Amidst the pressure of exams and dismal weather, it was good to see so many Southies in the Plaza (socially distanced, of course) to welcome the animals to college. Having grown up in Peeblesshire - where sheep outnumber human beings - I am familiar with their capacity to consume grass. In fact, they do it with such quiet and docile efficiency that I think we should employ a small flock every exam term. They are a lot less noisy than a lawn mower.
I'm less certain about goats. Our visitors were certainly amicable, but goats will eat anything. Dorothy (Mrs Principal) recalls looking after children whose parents owned a flock of goats in Stirlingshire in the summer between school and her first term at St Andrews. Their milk tasted of whatever they had eaten, and they ate indiscriminately. I understand that cabbage flavoured goat's milk is less than lovely. One should also take great care not to allow them near a washing line. To a hungry goat, clothes are edible too. The visitors to The Plaza appear to have consumed most of one of our trees. It was a small price to pay for their company, and I make no complaint. Goats will be goats. We should, however, resist any temptation to allow any future caprine visitors anywhere near Oswald. Sheep have much less diverse dietary habits and are generally easier to manage.
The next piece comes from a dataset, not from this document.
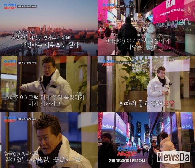 2월 16일(월) 방송될 '조선의 사랑꾼' 선공개 영상에서는 설 특집으로 2년 전 시청자의 심금을 울린 태진아가 치매 투병 중인 아내 옥경이의 근황과 함께 안방 1열을 찾아온다. 태진아는 옥경이에게 보여줄 '회상 치료' 영상을 촬영하기 위해, 두 사람의 특별한 기억이 담겨있는 미국의 타임스퀘어에 25년 만에 방문했다.

I have had a very busy few days digesting and analysing Lord Dyson's report on the process whereby Martin Bashir of the BBC's Panorama programme obtained his now infamous 1995 interview with Princess Diana. I did so initially because I knew I would be asked to comment on it by broadcasters and newspapers. However, my interest was personal too. I was a BBC editor in 1995 and, though I did not know Martin Bashir, many other individuals concerned were colleagues. Suffice it to say that the BBC is, truly, one of Britain's most valuable cultural exports and an example of soft power at its most effective. However, its reputation depends on accuracy and honesty. It is beyond depressing to read evidence that demonstrates beyond reasonable doubt that the corporation for which I remain proud to have worked fell very far below that standard. In the world of Netflix and Amazon, the BBC faces intense competitive pressure. It cannot afford to alienate viewers, listeners, and readers. I hope and believe it can recover our trust. At its best, the BBC remains a source of excellence in journalism and a vital supporter of creative talent
This weekend, I will get my second vaccination against Covid-19. It feels like a very significant moment. I know I am lucky. Many of you still have exams to complete. I wish you the very best of luck and I promise that there is light at the end of the tunnel. At some point it will stop raining and you will complete your final assessment. We will enjoy a good end to Easter Term. There will be Formals in the Hub, a first ever College Service of Celebration and Thanksgiving in the Hub to begin our College Day, and sufficient champagne to give our Summer Ball a sparkling start. There is not too long to wait.